CLEAR excels at high-throughput data processing. Here is a pipeline that handles back-pressure, manages complex errors, and leverages shared-nothing architecture:

-- Shared-nothing pool with Sharded Structure-of-Arrays for lock-free, cache-optimal access
MUTABLE sensors: Sensor[]@pool:sharded(64):soa = load_sensors();

-- Pipeline with parallel execution and dynamic control plane monitoring
results = sensors
  s> CONCURRENT(workers: 16, parallel: TRUE) 
     SELECT process_reading(_) OR PRUNE    -- Drop failed readings
  s> WHERE _.intensity > 0.8
  s> LIMIT 1000;

-- The Control Plane automatically handles 'OnSkew'
-- If one shard becomes a bottleneck, the runtime detects the statistical
-- imbalance and enables work-stealing across shards automatically.
-- Note: IFF skew is detected, shared-nothing optimizations are sacrificed
-- to re-enable parallel processing of the skewed data.

PERFORMANCE

In predictable workloads, as demonstrated in the included benchmarks, CLEAR outperforms Go and Rust/Tokio with considerably less, clearer code.

This is a v0.1 release. In unpredictable real-world workloads, CLEAR will not yet match this level of advantage — but there is substantial room for improvement by v1. CLEAR believes it will eventually outperform Go in almost all cases: no garbage collector, nearly half the memory footprint, more predictable response times, and zero chance of data races or a number of other concurrency hazards.

THE IMPLICATIONS

CLEAR's foundational principle is to minimize global complexity and maximize local reasoning.

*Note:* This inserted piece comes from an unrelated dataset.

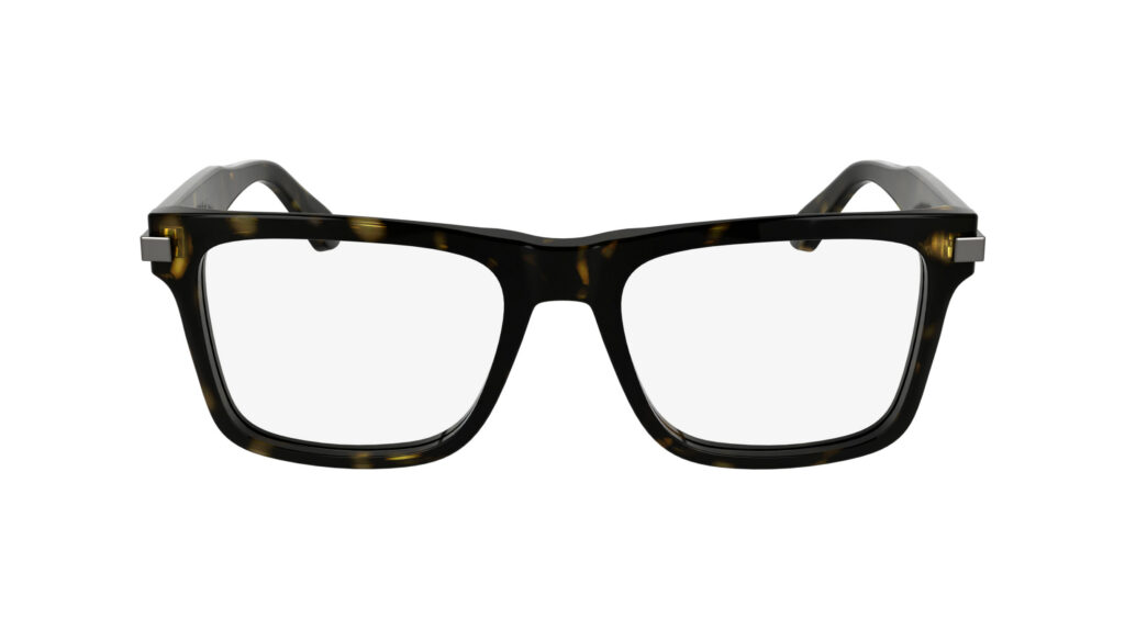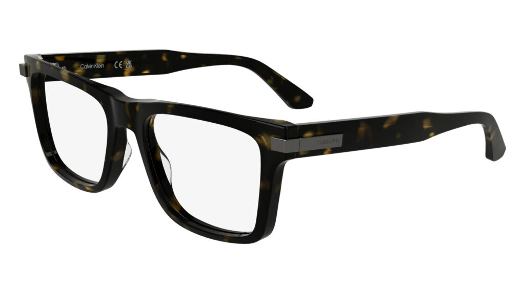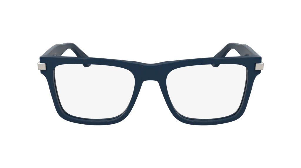 Dans l’univers optique, le CK25513 réinvente l’élégance du cat-eye avec une touche ultra-moderne : une plaque métallique affleurant les extrémités extérieures, amplifiant son allure graphique. Quant au CK25514, son minimalisme rectangulaire joue sur des nuances de Blue et Khaki, confirmant la signature intemporelle de Calvin Klein.

  1. Deep Optimization: By enforcing local reasoning, the compiler can perform aggressive optimizations (like Auto-Squishing structs into SoA) that are often impossible in languages with pointer-aliasing or global side-effects.
  2. Runtime Control Plane: The runtime adapts to live data patterns that are unpredictable at compile-time. Stack overflow auto-upsizes future tasks. Memory waste auto-downsizes. Key skew auto-enables resharding or live-migrating to a different structure that enables work-stealing (by v0.4). All three operate live, with zero restarts. See docs/control-plane.md.
  3. AI-Native: CLEAR's local reasoning makes it unusually amenable to AI-assisted development and automated optimization.